-- PROVIDED DATA --
+++

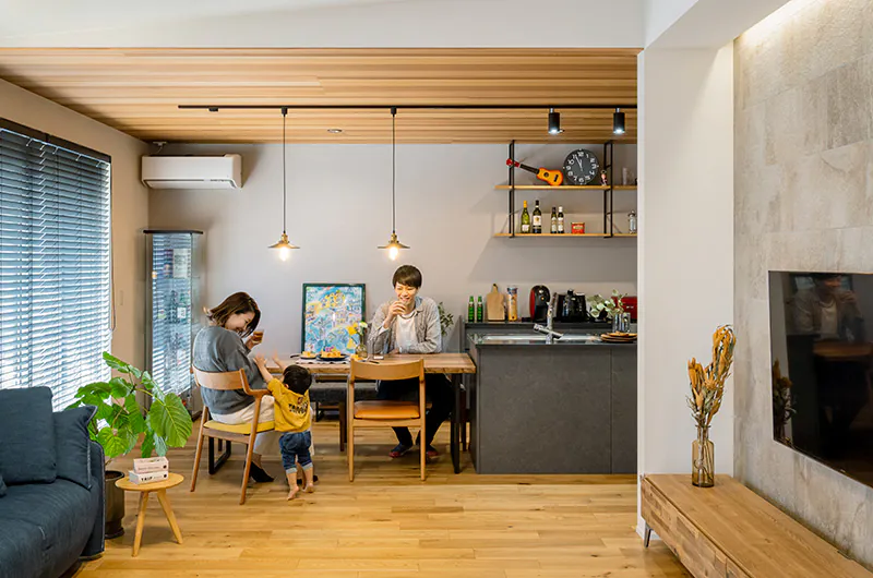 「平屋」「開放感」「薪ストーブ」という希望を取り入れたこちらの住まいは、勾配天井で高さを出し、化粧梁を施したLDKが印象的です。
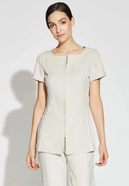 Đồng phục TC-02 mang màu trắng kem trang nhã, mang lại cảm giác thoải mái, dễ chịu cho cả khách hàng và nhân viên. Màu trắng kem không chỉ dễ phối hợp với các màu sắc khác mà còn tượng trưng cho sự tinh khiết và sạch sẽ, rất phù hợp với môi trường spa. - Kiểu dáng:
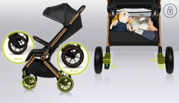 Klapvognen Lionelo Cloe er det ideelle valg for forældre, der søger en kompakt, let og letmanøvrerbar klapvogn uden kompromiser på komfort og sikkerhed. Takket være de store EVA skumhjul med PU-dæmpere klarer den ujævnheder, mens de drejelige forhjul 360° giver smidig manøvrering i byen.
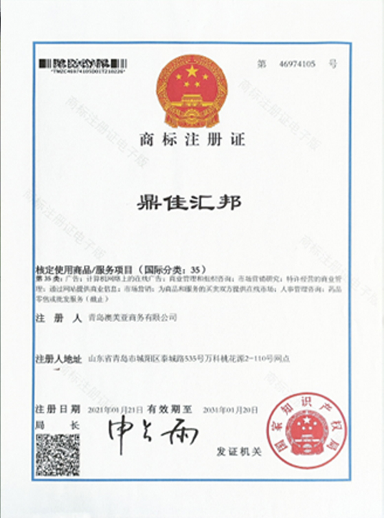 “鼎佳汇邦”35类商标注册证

+++

The expected answer is the full listing above, transcribed exactly and without pictures.

-- RESULT OF THIS TASK --
 「平屋」「開放感」「薪ストーブ」という希望を取り入れたこちらの住まいは、勾配天井で高さを出し、化粧梁を施したLDKが印象的です。
 Đồng phục TC-02 mang màu trắng kem trang nhã, mang lại cảm giác thoải mái, dễ chịu cho cả khách hàng và nhân viên. Màu trắng kem không chỉ dễ phối hợp với các màu sắc khác mà còn tượng trưng cho sự tinh khiết và sạch sẽ, rất phù hợp với môi trường spa. - Kiểu dáng:
 Klapvognen Lionelo Cloe er det ideelle valg for forældre, der søger en kompakt, let og letmanøvrerbar klapvogn uden kompromiser på komfort og sikkerhed. Takket være de store EVA skumhjul med PU-dæmpere klarer den ujævnheder, mens de drejelige forhjul 360° giver smidig manøvrering i byen.
 “鼎佳汇邦”35类商标注册证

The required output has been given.